In these verses we leave the situation of legalities at the city gate, and we see that the parents (in this case God the Father) are personally speaking with their son.
God begins with a passionate outcry from his “heart (vs. 8)”, the depths of his being, where he proclaims his affections for his people. Because of this it prevents him from destroying them completely, as Admah and Zeboiim were destroyed in the burning waste of salt and sulfur that also struck Sodom and Gomorrah (Deuteronomy 29:23).
Despite their stubborn unfaithfulness, God will not let them go; he will not destroy them. Key phrase is vs. 9 “I am God and not man- the Holy One among you.” But how can God do this? He must be just and follow through.
Romans 3:21-26: But now a righteousness from God, apart from law, has been made known, to which the Law and the Prophets testify. This righteousness from God comes through faith in Jesus Christ to all who believe. There is no difference, for all have sinned and fall short of the glory of God, and are justified freely by his grace through the redemption that came by Christ Jesus. God presented him as a sacrifice of atonement, through faith in his blood. He did this to demonstrate his justice, because in his forbearance he had left the sins committed beforehand unpunished— he did it to demonstrate his justice at the present time, so as to be just and the one who justifies those who have faith in Jesus.

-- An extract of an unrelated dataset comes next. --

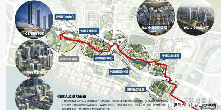 西至设施生态公园,东联南海神庙,构建串联TOD商业、文化街区、都市服务、生态社区等重点项目的漫游活力轴,重点塑造“双岗TOD中心、都市服务中心”两大综合商业地标及“双岗、沙涌”两大休闲文化街区

1. God, though yearning for His lost child, is just and must deal justly. Thomas Jefferson said, “I tremble for my country when I reflect that God is just; that his justice cannot sleep forever.”
How much more, now, if we were wise and honest, should we tremble for our country, this same country of which Jefferson spoke when it was so young and so relatively innocent?
Our country that has gone from literally fighting for the freedom to worship God, to being embarrassed to mention Him in public forum because we don’t want to invoke the mockery of those who have decided that He doesn’t exist, or that if He does He is insignificant?
Our country that has traded God, family, community and brotherly love for hedonism, greed, self-centeredness, hatred and striving after the almighty dollar.
Our country that now defends and even approves in its citizens the very sin for which God wiped Sodom and Gomorrah completely and literally off the face of the planet.
If Jefferson trembled then, how much more now should we? There is, however, one thing that has not changed and will not change. That thing that Jefferson reflected on; that he considered; that he pondered, and so must we. God…is…just. Why should we tremble at that? Because He does not change and He must be true to Himself.
2. But in Hosea 11:8-9 it sounds like God is not going to do anything because of His emotions.
But God did do something. God did not leave sin unpunished. God cares about us and he got involved. I am reminded that there is therefore no penalty for me, no condemnation for me, because God judged my sin in the flesh of His only Son on Calvary’s cross and that reminds me that He is both just and the justifier of the one who has faith in Jesus!
Now God is not going to leave us undisciplined. Hebrews 12:5-6: My son, do not make light of the Lord’s discipline, and do not lose heart when he rebukes you, because the Lord disciplines those he loves, and he punishes everyone he accepts as a son.”
We see in vs. 10-11 that God did discipline them. This is talking about the new exodus. One day God is going to deliver us from our bondage as well. Romans 8:21: the creation itself will be liberated from its bondage to decay and brought into the glorious freedom of the children of God. Like God called Israel and Jesus out of Egypt (this old world of bondage), one day He will call us.
Without Jesus Christ, God will come in wrath. Hebrews 10:29, 31: How much more severely do you think a man deserves to be punished who has trampled the Son of God under foot, who has treated as an unholy thing the blood of the covenant that sanctified him, and who has insulted the Spirit of grace? It is a dreadful thing to fall into the hands of the living God.